Cuando todo duerma, te robaré un color



Ana mira por la ventana, se pregunta cuándo van a llegar. Juega con su muñeca. La peina, la despeina, le acomoda la ropa. Observa los cuadros impresionistas que dibuja la velocidad. Como maquillaje corrido, los árboles, las calles, las casas, son una masa que toma forma cuando el tren para en una estación."Ma, ¿cuánto falta?". Silencio. Será la insistencia con la que pregunta, el calor, o que el tren va hasta las manos. No hay ganas de contestar. Demasiadas preocupaciones se pierden en la mente como para encontrar una respuesta a una pregunta tan simple. Será que ella tampoco sabe dónde está, cuánto falta.

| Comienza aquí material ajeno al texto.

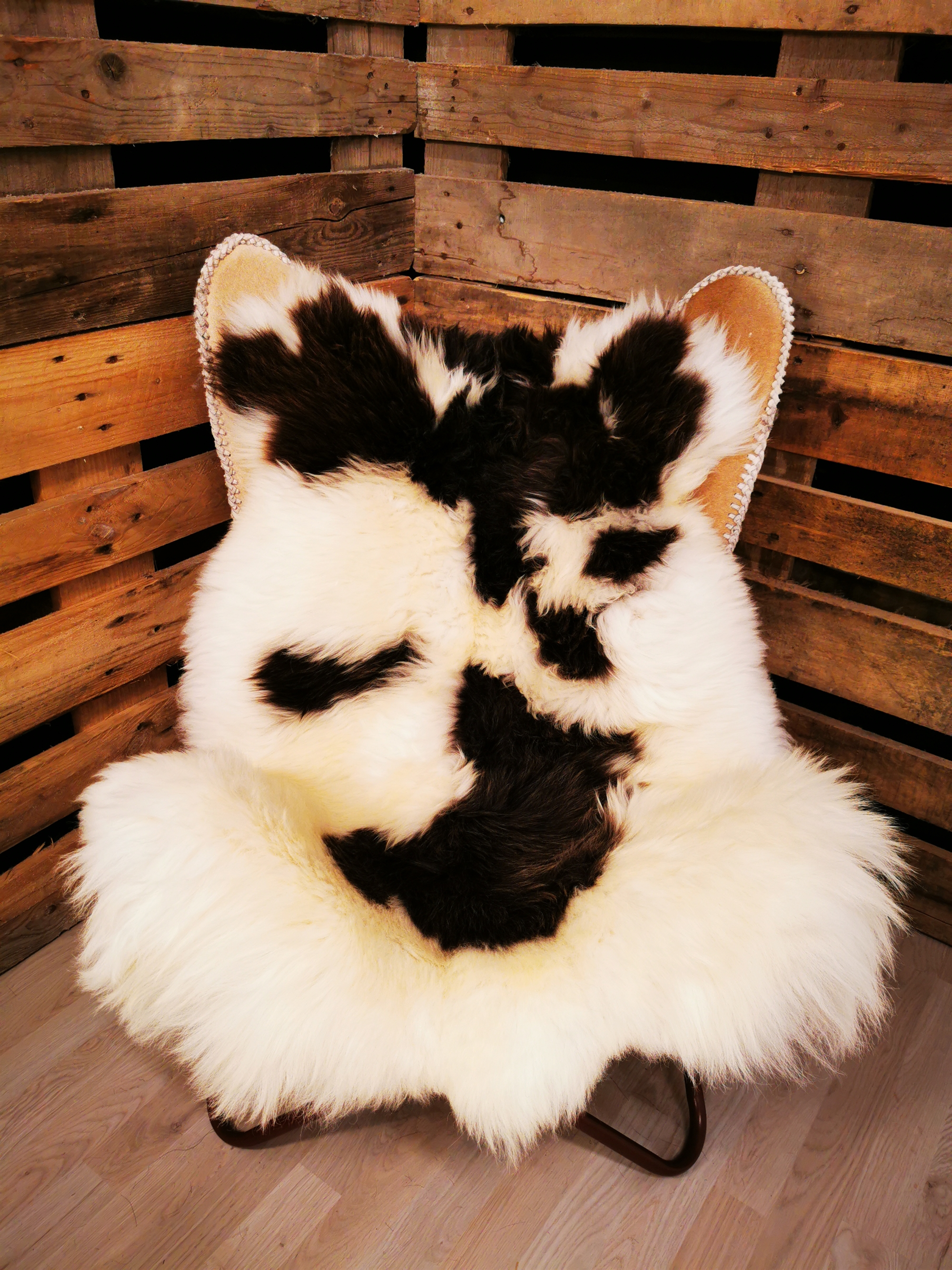 Skindet måler 120cm. Jacobs får er en meget sjælden fårerace som oprindeligt stammer fra Asien. Racen bliver omtalt i bibelen i forbindelse med apostlen Jacob (deraf navnet) og i 18hundrede tallet kom Jacob fåret til England. Jacob fåret er kendetegnet ved sort/grå/brun hvide farveaftegninger, både han og hun får kan have op til 6 horn og dets uld er højt værdsat. Skindene er store, klippede og meget fyldige. Skindet er både dekorativt men også meget velegnet som brugsskind, de sarte naturlige farvenuancer giver utallige anvendelsesmuligheder og som brugs og dekorationsskind på f.eks. spisebordsstole vil de være yderst velegnede.

Ana ahora juega con sus tarjetas. Un oso con ojos de animé le sonríe desde el cartón pintado. "Lo mejor que me pasó en la vida fue conocerte", dicen sus cartas. Las cuenta en el suelo, las apila. Al lado, cuenta las monedas, casi todas de diez centavos. Las de un peso le gustan porque son más grandes, porque tienen un sol.

Desde arriba, la nena sentada que hojea un libro para colorear la mira. Por un instante no son extrañas. En sus pupilas se arma un mundo en el que Ana tiene zapatos, y sus pies no lastiman. Son amigas y juegan a disfrazarse, a pintar, a esconderse y cantar piedra libre.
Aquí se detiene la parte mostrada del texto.